Brian Poole was a staff member of Coleg Powys. His teaching career, which began in 1967, rising to Assistant Principal, within the Agricultural Department of the then Montgomery College took him to many farms within every parish in Powys. He retired in 1996 and in 1998 he was asked to research the reason for a Heavy Conversion Unit Halifax crash at Bwlch-y-ffridd. This honed the skills of archive research and of recording the recollections of local people and the family of the crew; as a result, Down in Aberhafesp was published. The same technique was used to revise the story of the Mawddwy, Van and Kerry branches and now two volumes on the Clwyedog have been completed entitled Cement to Llanidloes and Concrete in Clwyedog. He is now working on the history of the Montgomeryshire bus companies.
Reginald Massey, journalist, broadcaster and film maker has written for The Times and The Guardian and specialist magazines such as The Dancing Times and The Stage. He is the author of several books the latest of which is a collection of short stories. He has an MA in English Literature and is an FRSA and Member of the Society of Authors. He and his actress wife Jamila Massey moved to Llanidloes over 15 years ago. His website:www.reginaldmassey.co.uk
Peter Dean was born in London although his family have lived in Llanyre for 400 years. With diplomas in Public Administration from the Chartered Institute of Secretaries and sociology from the University of Keele, he has spent most of his life working in the voluntary sector with special interests in culture and the arts and was awarded a life fellowship of the Royal Society of Arts for services to the development of three regional arts associations. After a 2-year break in the mid 1970s when he bought and ran the Mid-Wales Inn in Pantydwr, he returned to the voluntary sector to work for the Centre for International Affaires in Cardiff, to fund raise for UNICEF’s the Year of the Child for the children in Lesotho in S. Africa raising £120,000 in the process, and to head up the Year of the Disabled Appeal, which he left prematurely in 1980 to become the director of Powys Rural Council. Now retired, he lives in Mid Wales, contentedly tending his garden.
Norma Allen is a native of Llandrindod Wells, although her mother’s family came from Llanidloes. She worked at a special needs teacher in England for many years and has now returned to Wales on her retirement, to Llandinam, where she has lived for the past three years.
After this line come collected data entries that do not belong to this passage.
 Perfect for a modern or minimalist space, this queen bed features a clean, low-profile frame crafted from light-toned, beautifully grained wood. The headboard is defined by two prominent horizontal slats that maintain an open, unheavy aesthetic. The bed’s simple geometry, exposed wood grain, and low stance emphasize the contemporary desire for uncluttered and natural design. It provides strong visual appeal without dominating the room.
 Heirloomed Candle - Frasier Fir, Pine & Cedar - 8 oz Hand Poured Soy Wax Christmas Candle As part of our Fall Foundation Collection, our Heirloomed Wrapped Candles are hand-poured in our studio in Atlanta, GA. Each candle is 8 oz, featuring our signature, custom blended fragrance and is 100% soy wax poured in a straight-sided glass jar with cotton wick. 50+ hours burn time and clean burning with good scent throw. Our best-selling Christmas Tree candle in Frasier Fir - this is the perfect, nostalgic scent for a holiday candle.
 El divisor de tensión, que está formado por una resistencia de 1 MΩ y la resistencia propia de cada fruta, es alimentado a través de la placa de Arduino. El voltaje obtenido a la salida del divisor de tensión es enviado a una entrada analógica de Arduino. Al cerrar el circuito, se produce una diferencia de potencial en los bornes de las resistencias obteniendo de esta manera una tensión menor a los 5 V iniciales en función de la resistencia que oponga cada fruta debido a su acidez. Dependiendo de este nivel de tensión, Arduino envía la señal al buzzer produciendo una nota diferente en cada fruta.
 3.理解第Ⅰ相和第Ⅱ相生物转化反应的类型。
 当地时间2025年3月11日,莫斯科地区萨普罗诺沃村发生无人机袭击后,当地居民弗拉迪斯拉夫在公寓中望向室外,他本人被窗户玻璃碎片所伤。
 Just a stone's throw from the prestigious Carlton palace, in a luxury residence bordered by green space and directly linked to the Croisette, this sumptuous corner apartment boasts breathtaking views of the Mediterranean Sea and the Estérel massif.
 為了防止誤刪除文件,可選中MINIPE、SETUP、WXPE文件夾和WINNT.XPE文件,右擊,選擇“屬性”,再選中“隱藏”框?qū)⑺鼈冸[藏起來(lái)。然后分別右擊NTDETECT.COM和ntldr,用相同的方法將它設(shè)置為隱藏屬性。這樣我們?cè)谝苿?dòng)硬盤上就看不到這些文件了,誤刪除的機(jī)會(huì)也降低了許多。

A love of writing has drawn her to study for an MA in Creative Writing at Aberystwyth. Her Grandfather was a lamplighter in Llanidloes and this is what has inspired her story.
August Mullen
Nothing is known about Mr. Mullen except the facts at hand…
Dr. David Stephenson is an authority on Welsh Medieval History. With books published in all leading Welsh history journals, he came to Wales from Oxford University and Cambridge and he is now Honorary Research Fellow in Welsh History at the University of Wales, Bangor.
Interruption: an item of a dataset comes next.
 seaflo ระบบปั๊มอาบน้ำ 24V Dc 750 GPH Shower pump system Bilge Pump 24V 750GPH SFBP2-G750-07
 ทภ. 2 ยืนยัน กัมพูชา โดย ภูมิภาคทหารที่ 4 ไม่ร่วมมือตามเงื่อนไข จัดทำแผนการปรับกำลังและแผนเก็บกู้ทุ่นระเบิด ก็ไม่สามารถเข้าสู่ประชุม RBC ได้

Tyler Keevil is a Canadian who lives currently in Llanidloes. A published writer and winner of several awards, he is about to attend Aberystwyth’s Creative Writing MA programme.
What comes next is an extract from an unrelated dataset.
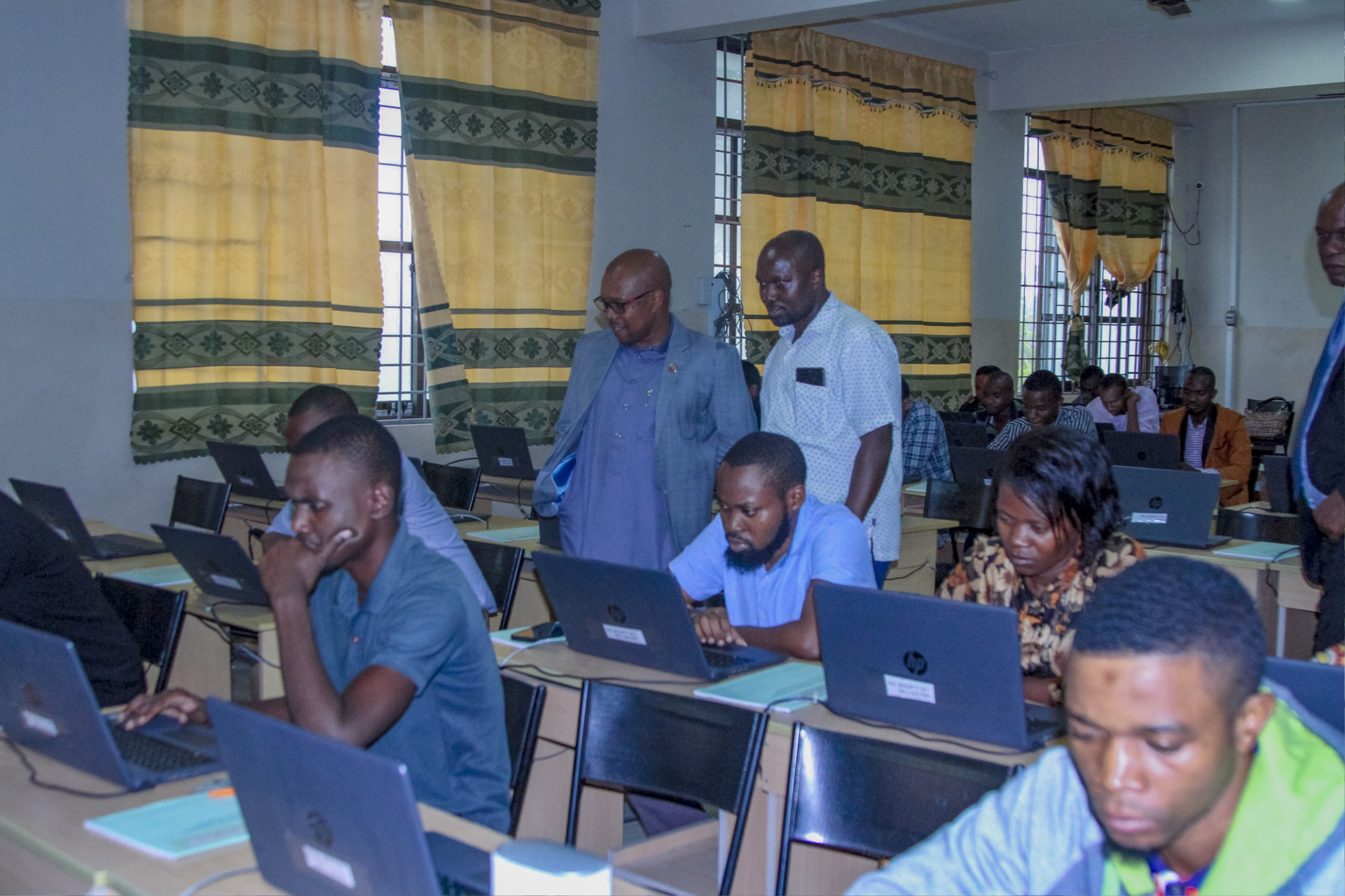 Mmoja wa Wasimamizi wa Usaili akiangalia Wasailiwa wakiendelea na Usaili (DUCE) kwa ajili ya Ofisi ya Taifa ya Ukaguzi (NAOT).

Maus, Matt, a practising lycanthrope, is approaching, (from the wrong side), the latter stages of his early middle age. His hobbies include addition, freshwater drinking and collecting letters.
The Editor. Gay Roberts is an experienced writer and editor, who came to Mid-Wales in 1972 and has resented leaving it ever since. A “Jill-of-all-trades” (a butterfly mind really), she writes articles and the occasional booklet but nothing longer because she can’t be bothered to spin her ideas out to book length. PenCambria is full of things she likes to read about and she hopes you do too.